Neurological and Developmental Signs

• Global developmental delay: Severe delays in motor, cognitive, and social milestones.

• Hypotonia: Poor muscle tone and reduced spontaneous movement.

• Lack of visual tracking or eye contact

• Poor feeding and failure to thrive

Progression

• Many infants with Ohtahara syndrome evolve into other epileptic encephalopathies such as:

  • West syndrome (infantile spasms and hypsarrhythmia) in early infancy

  • Lennox–Gastaut syndrome (multiple seizure types and cognitive impairment) later in childhood

Diagnosis

Diagnosis of Ohtahara syndrome involves a combination of clinical observation, EEG findings, neuroimaging, and genetic testing.

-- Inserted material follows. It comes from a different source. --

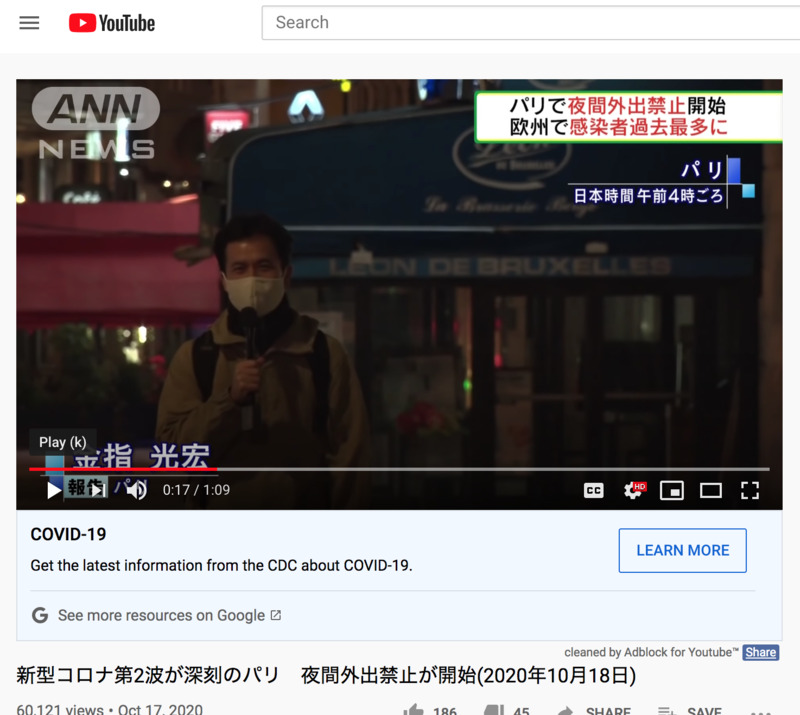新型コロナ第2波が深刻のパリ 夜間外出禁止が開始(2020年10月18日) - Paris, where the second wave of the new corona is serious, curfew begins (October 18, 2020)

Electroencephalogram (EEG)

• Burst-suppression pattern: Hallmark feature of the syndrome, characterized by high-voltage electrical bursts alternating with flat periods of suppression.

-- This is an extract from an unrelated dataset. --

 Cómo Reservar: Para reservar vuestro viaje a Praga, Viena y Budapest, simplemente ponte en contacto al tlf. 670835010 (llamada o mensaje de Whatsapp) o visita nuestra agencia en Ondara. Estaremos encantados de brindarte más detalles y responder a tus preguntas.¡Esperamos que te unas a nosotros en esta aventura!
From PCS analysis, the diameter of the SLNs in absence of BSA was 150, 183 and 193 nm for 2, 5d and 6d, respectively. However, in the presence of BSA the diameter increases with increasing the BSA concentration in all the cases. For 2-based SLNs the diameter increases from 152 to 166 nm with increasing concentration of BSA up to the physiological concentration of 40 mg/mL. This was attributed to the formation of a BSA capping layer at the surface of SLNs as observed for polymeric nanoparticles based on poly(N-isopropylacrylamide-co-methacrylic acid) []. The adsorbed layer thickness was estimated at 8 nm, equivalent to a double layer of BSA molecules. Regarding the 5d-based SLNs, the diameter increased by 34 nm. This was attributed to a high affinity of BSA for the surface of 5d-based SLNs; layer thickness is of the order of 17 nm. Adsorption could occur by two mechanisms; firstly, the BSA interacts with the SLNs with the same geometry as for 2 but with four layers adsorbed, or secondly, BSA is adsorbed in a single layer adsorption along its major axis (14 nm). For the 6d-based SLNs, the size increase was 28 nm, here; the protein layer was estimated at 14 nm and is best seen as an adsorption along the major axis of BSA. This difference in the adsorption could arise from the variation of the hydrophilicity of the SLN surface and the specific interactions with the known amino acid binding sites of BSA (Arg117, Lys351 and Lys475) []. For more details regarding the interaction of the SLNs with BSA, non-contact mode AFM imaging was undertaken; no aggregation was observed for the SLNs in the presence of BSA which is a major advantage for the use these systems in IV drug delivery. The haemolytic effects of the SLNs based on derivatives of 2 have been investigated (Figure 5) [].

• EEG abnormalities are typically present both during wakefulness and sleep.

Neuroimaging

• MRI of the brain: Helps detect structural abnormalities such as cortical dysplasia, brain atrophy, or malformations.

Genetic and Metabolic Testing

• Whole exome sequencing or targeted gene panels: May identify causative mutations (e.g., STXBP1, ARX).

• Metabolic screening: May reveal underlying inborn errors of metabolism.

Clinical Evaluation

• Comprehensive neurological assessment

• Developmental screening and physical examination

Treatment

Treatment of Ohtahara syndrome is challenging due to its resistance to conventional antiepileptic drugs. Management focuses on seizure control and supportive care to improve quality of life.

Antiepileptic Medications

• Phenobarbital, valproate, levetiracetam, or topiramate: Common first-line agents, though often with limited effectiveness.

• Vigabatrin: Sometimes used, especially if infantile spasms develop.

• Ketogenic diet: High-fat, low-carbohydrate diet that may reduce seizures in some patients.

Other Therapies

• Steroids or ACTH: May be considered if the condition evolves into West syndrome.

• Resective surgery: In rare cases where seizures are focal and a structural lesion is resectable.

Supportive and Palliative Care

• Feeding support (e.g., gastrostomy tube)

• Physical, occupational, and speech therapy

• Seizure precautions and monitoring

• Multidisciplinary palliative care for comfort and family support

Prognosis

The prognosis for infants with Ohtahara syndrome is very poor. Most children experience:

• Severe intellectual and motor disability

• Intractable epilepsy despite medication

• Dependence on caregivers for daily needs

Many children with Ohtahara syndrome die in infancy or early childhood due to complications such as recurrent infections, uncontrolled seizures, or respiratory failure. Long-term survival is rare and usually associated with profound disabilities. Continued research is essential to better understand the condition and develop more effective therapies.